* _What is needed_:
Write out the data word for word and drop any picture you find.

* _Records supplied_:
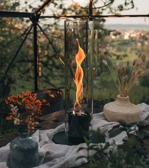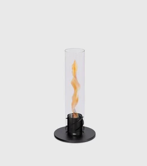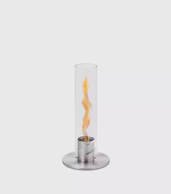 Introduisez le bioéthanol dans le réservoir, allumez le feu, puis placez le cylindre de verre par-dessus.
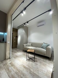 Сдаётся уютная однокомнатная квартира с дизайнерским ремонтом, расположенная по адресу Россия, Калининградская область, Светлогорск, Молодёжная улица, 17. Общая площадь квартиры составляет 25 кв. м, жилая площадь — 16 кв. м, кухня — 5 кв. м. Квартира находится на 1 этаже 7-этажного дома, построенного в 2023 году. Высота потолков — 2.7 метра. Окна выходят на улицу, поэтому в квартире всегда светло. Интерьер квартиры выполнен в современном стиле, что создает комфортную атмосферу для жизни. В комнате и на кухне есть вся необходимая мебель. В квартире установлены кондиционер, холодильник, телевизор и стиральная машина. Санузел совмещённый, что удобно для ежедневного использования. Дом новый, с наземной парковкой и пассажирским лифтом. Благодаря этому, можно легко добраться до квартиры даже с тяжёлыми сумками. В доме проведён интернет, а значит, можно без проблем работать и отдыхать онлайн. Квартира расположена в районе с развитой инфраструктурой. В пешей доступности находятся магазины, где можно приобрести всё необходимое. Рядом с домом есть удобные транспортные развязки, что позволяет без труда добраться до любой части города. Условия аренды: договор заключается напрямую с собственником. Дополнительных обременений нет, комиссия отсутствует. Залог и предоплата обсуждаются индивидуально. Квартира идеально подойдёт для проживания одного человека или пары. Приглашаем вас на просмотр! Записывайтесь, чтобы лично оценить все преимущества этой квартиры.
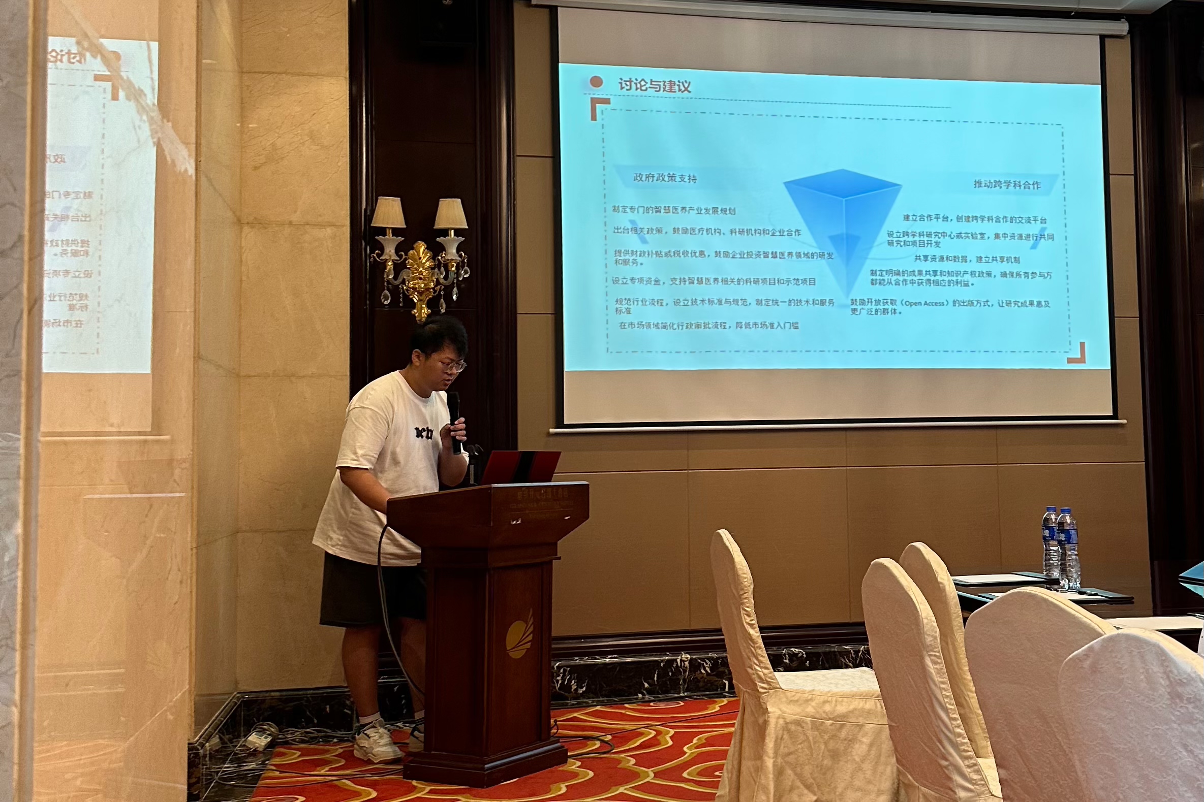 杨惠雯同学做了《新质生产力视角下中国智能健康医疗专利的创新态势研究》的报告,该研究为了更好地评估智能技术对健康医疗行业领域新质生产力的贡献程度,对智能健康医疗专利进行了深入分析:首先于国家知识产权局专利检索及分析系统中获取智能健康医疗类专利数据,其次对中国智能健康医疗专利的专利数量、申请人等外部信息进行了统计分析,然后分析了领域内技术、主题热点及发展趋势,并指出以人工智能为代表的健康医疗领域新质生产力正在逐步形成并加速发展,未来智能健康医疗产业的发展可从政策导向、科研投入、人才储备等多个维度进行综合推动,以实现健康医疗领域生产力的进一步革新与升级。
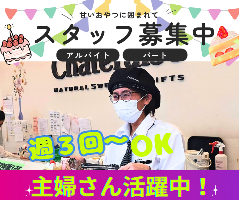 仕事内容 *。・・。*。・・。*。・・。*。・・。*。・・。*。・・。*。・・。* 春から新しいお仕事始めませんか? \\ 家庭優先でOK! // 無理のないシフト組みをしています! *。・・。*。・・。*。・・。*。・・。*。・・。*。・・。*。・・。* お菓子の販売業務全般をお願いします! 具体的には… ✅接客、レジ業務 ✅品出し、包装作業 ✅予約品の準備 ✅開店作業(朝に納品された商品の品出し)など 自動レジなので お釣りの受け渡しがなく安心です‼ ★★アルバイト・パートをお探しの方にオススメ★★ ◆主夫・主婦さん…大歓迎! ◆未経験でも大丈夫!ひとつひとつ丁寧に教えていくので安心してくださいね。 ★★スタッフの声:主婦さん★★ 未経験からのスタートでしたが、 皆優しい方ばかりで丁寧に教えてくれます。 また、家事や育児との両立にも理解のある職場なので自分のペースで働いています。 「接客販売未経験OK」「髪型・髪色自由」なども嬉しいポイントです!
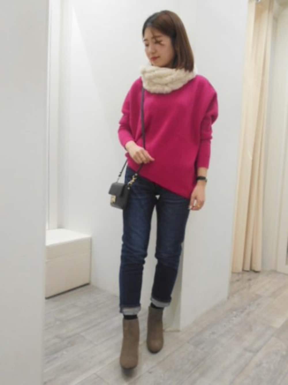 ピンクのニットが映えるカジュアルすたりう ベーシックスタイルにはカラーニットを取り入れるだけで一気に華やかな印象に。
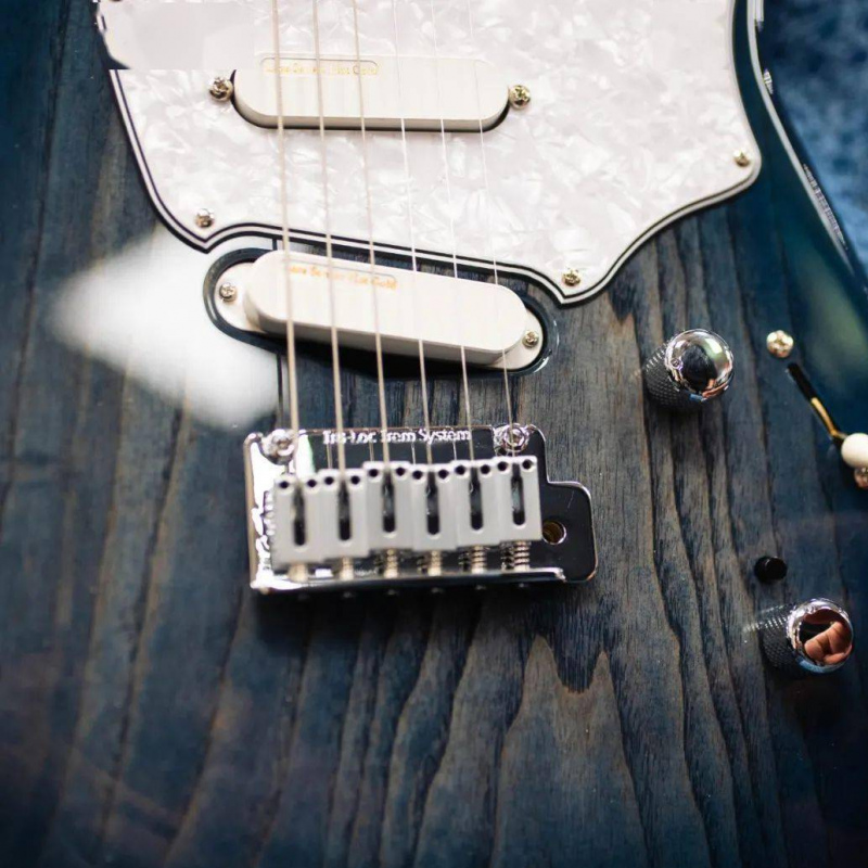 Passion RG-3 Indigo Burst的其中一大亮點就是它的沼澤梣木琴體擁有5個共振腔體。制琴師需要在5個特定的位置上分別進行中空共振腔體的制作,使琴體本身帶有非常明顯的聲學共振特征,震動信號非常飽滿,經拾音器和音箱的處理放大之後,音色圓潤豐滿,悠揚甜美,且空氣感十足,使整琴的音色在悅耳的同時也具有很好的動態。同時,由於中空的共振腔體,琴體的重量也變得更輕,對於習慣站姿演奏的吉他手來說,無疑會感到輕松有餘。

* _Solution_:
 Introduisez le bioéthanol dans le réservoir, allumez le feu, puis placez le cylindre de verre par-dessus.
 Сдаётся уютная однокомнатная квартира с дизайнерским ремонтом, расположенная по адресу Россия, Калининградская область, Светлогорск, Молодёжная улица, 17. Общая площадь квартиры составляет 25 кв. м, жилая площадь — 16 кв. м, кухня — 5 кв. м. Квартира находится на 1 этаже 7-этажного дома, построенного в 2023 году. Высота потолков — 2.7 метра. Окна выходят на улицу, поэтому в квартире всегда светло. Интерьер квартиры выполнен в современном стиле, что создает комфортную атмосферу для жизни. В комнате и на кухне есть вся необходимая мебель. В квартире установлены кондиционер, холодильник, телевизор и стиральная машина. Санузел совмещённый, что удобно для ежедневного использования. Дом новый, с наземной парковкой и пассажирским лифтом. Благодаря этому, можно легко добраться до квартиры даже с тяжёлыми сумками. В доме проведён интернет, а значит, можно без проблем работать и отдыхать онлайн. Квартира расположена в районе с развитой инфраструктурой. В пешей доступности находятся магазины, где можно приобрести всё необходимое. Рядом с домом есть удобные транспортные развязки, что позволяет без труда добраться до любой части города. Условия аренды: договор заключается напрямую с собственником. Дополнительных обременений нет, комиссия отсутствует. Залог и предоплата обсуждаются индивидуально. Квартира идеально подойдёт для проживания одного человека или пары. Приглашаем вас на просмотр! Записывайтесь, чтобы лично оценить все преимущества этой квартиры.
 杨惠雯同学做了《新质生产力视角下中国智能健康医疗专利的创新态势研究》的报告,该研究为了更好地评估智能技术对健康医疗行业领域新质生产力的贡献程度,对智能健康医疗专利进行了深入分析:首先于国家知识产权局专利检索及分析系统中获取智能健康医疗类专利数据,其次对中国智能健康医疗专利的专利数量、申请人等外部信息进行了统计分析,然后分析了领域内技术、主题热点及发展趋势,并指出以人工智能为代表的健康医疗领域新质生产力正在逐步形成并加速发展,未来智能健康医疗产业的发展可从政策导向、科研投入、人才储备等多个维度进行综合推动,以实现健康医疗领域生产力的进一步革新与升级。
 仕事内容 *。・・。*。・・。*。・・。*。・・。*。・・。*。・・。*。・・。* 春から新しいお仕事始めませんか? \\ 家庭優先でOK! // 無理のないシフト組みをしています! *。・・。*。・・。*。・・。*。・・。*。・・。*。・・。*。・・。* お菓子の販売業務全般をお願いします! 具体的には… ✅接客、レジ業務 ✅品出し、包装作業 ✅予約品の準備 ✅開店作業(朝に納品された商品の品出し)など 自動レジなので お釣りの受け渡しがなく安心です‼ ★★アルバイト・パートをお探しの方にオススメ★★ ◆主夫・主婦さん…大歓迎! ◆未経験でも大丈夫!ひとつひとつ丁寧に教えていくので安心してくださいね。 ★★スタッフの声:主婦さん★★ 未経験からのスタートでしたが、 皆優しい方ばかりで丁寧に教えてくれます。 また、家事や育児との両立にも理解のある職場なので自分のペースで働いています。 「接客販売未経験OK」「髪型・髪色自由」なども嬉しいポイントです!
 ピンクのニットが映えるカジュアルすたりう ベーシックスタイルにはカラーニットを取り入れるだけで一気に華やかな印象に。
 Passion RG-3 Indigo Burst的其中一大亮點就是它的沼澤梣木琴體擁有5個共振腔體。制琴師需要在5個特定的位置上分別進行中空共振腔體的制作,使琴體本身帶有非常明顯的聲學共振特征,震動信號非常飽滿,經拾音器和音箱的處理放大之後,音色圓潤豐滿,悠揚甜美,且空氣感十足,使整琴的音色在悅耳的同時也具有很好的動態。同時,由於中空的共振腔體,琴體的重量也變得更輕,對於習慣站姿演奏的吉他手來說,無疑會感到輕松有餘。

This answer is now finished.